If the input stream yields elements of type `α`, our state has type `(s, Maybe α)`. The second part of the state is the most recent element of the input stream; it starts as `Nothing` (because there isn’t yet a previous element), and is set to `Just x` every time the input stream produces an `x`. When the input stream skips an element, we output the previous element if one exists.

For example,

```unstream \$ fillₛ \$ filterₛ even \$ stream [1..7]
⇒ [2, 2, 4, 4, 6]
```

Filtering away the even elements results in a stream containing

```skip ; yield 2 ; skip ; yield 4 ; skip ; yield 6
```

Then the fill function fills in the later two skips.

However, if we go ahead and define

```fill = stream ∘ fillₛ ∘ unstream
```

we run into trouble. Without the rewrite rule,

```fill \$ filter even \$ [1..7] ⇒ [2, 4, 6]
```

because the intermediate `stream ∘ unstream` removes all of the skips from the stream. With the rewrite rule, we instead see

```fill \$ filter even \$ [1..7] ⇒ [2, 2, 4, 4, 6]
```

So the use of the rewrite rule changes the meaning of our program. That’s a problem, because rewrite rules can be turned on or off by compiler flags or optimization level.

## But would this actually show up?

Of course, `fillₛ` is not a function one would normally define. Yet there are reasonable function where a type might lead to different behavior with and without the `stream ∘ unstream` rewrite rule.

Consider the `enumerate` function, which we’d normally write as

```enumerate :: [α] → [(ℤ, α)]
enumerate xs = zipwith (,) [0..] xs
```

`enumerate` pairs each element of a list with its index in the list; it’s often handy We can write this as a stream function:

```enumerateₛ (Stream { next: iter, start: s₀ }) =
Stream { next: go, start: (s₀, 0) }
where
go (s, n) =
case iter s of
Yield x s' → Yield (x, n) (s', n+1)
Skip s' → Skip (s', n+1) -- should be (s', n)
Done → Done
enumerate = stream ∘ enumerateₛ ∘ unstream
```

There’s a bug in the `Skip` case, where we increment the index even though we have not seen a new element. Thanks to this bug, we have

```enumerate \$ filter even \$ [1..7] ⇒ [(0, 2), (1, 4), (2, 6)]
```

without the rewrite rule, but as soon as we enable optimizations,

```enumerate \$ filter even \$ [1..7] ⇒ [(1, 2), (3, 4), (5, 6)]
```

Note that the indices now track in the index in the original list, not in the intermediate list that has been optimized away.

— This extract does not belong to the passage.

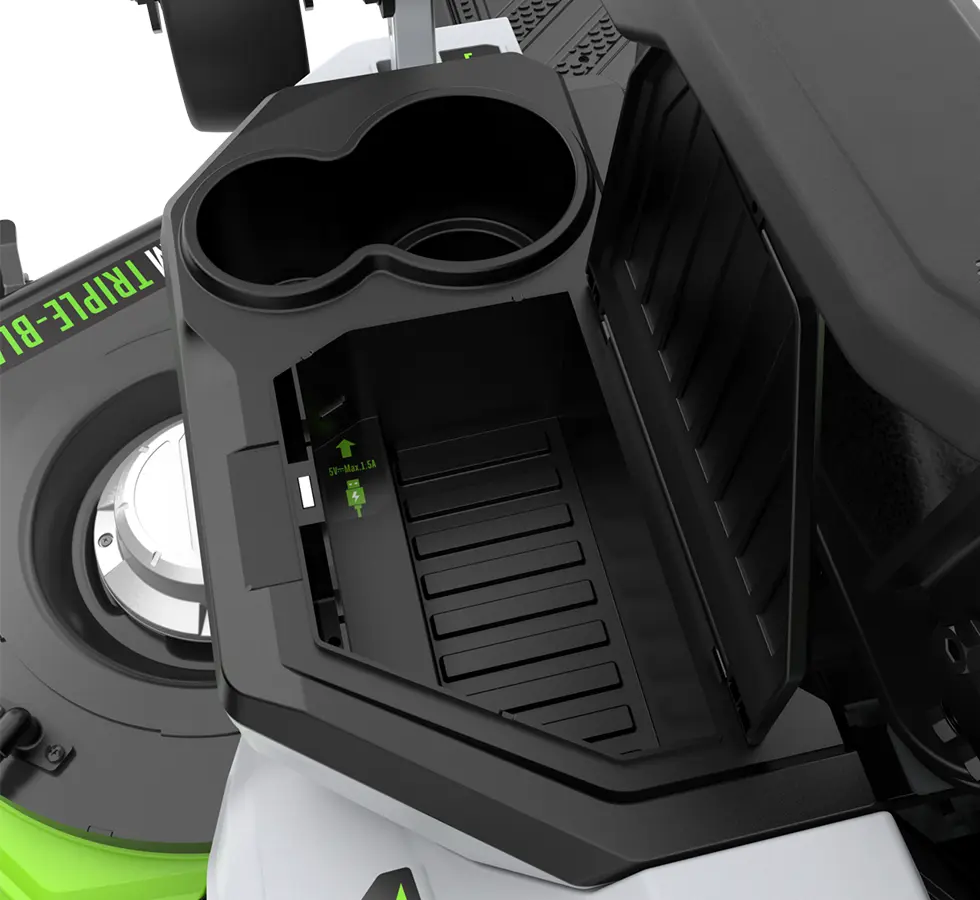 La Zero Turn EGO ZT5201E-L mise aussi sur l’ergonomie. Son siège premium à suspension intégrée, ses accoudoirs ajustables et son tableau de bord intuitif en font une machine agréable à piloter, même sur de longues sessions. Son écran LCD couleur centralise les informations clés : vitesse, niveau de batterie, hauteur de coupe, mode sélectionné (Standard, Control ou Sport).

Of course, this pitfall has been carefully avoided by the authors of the Haskell stream fusion libraries. But if you’re writing your own, watch out: this bug is easy to miss and at times easy to make. I’d write a QuickCheck property that all of your stream functions really do respect `stream (unstream s) = s`.

1

By G. Mainland, R. Leshchinskiy, and S. Peyton Jones.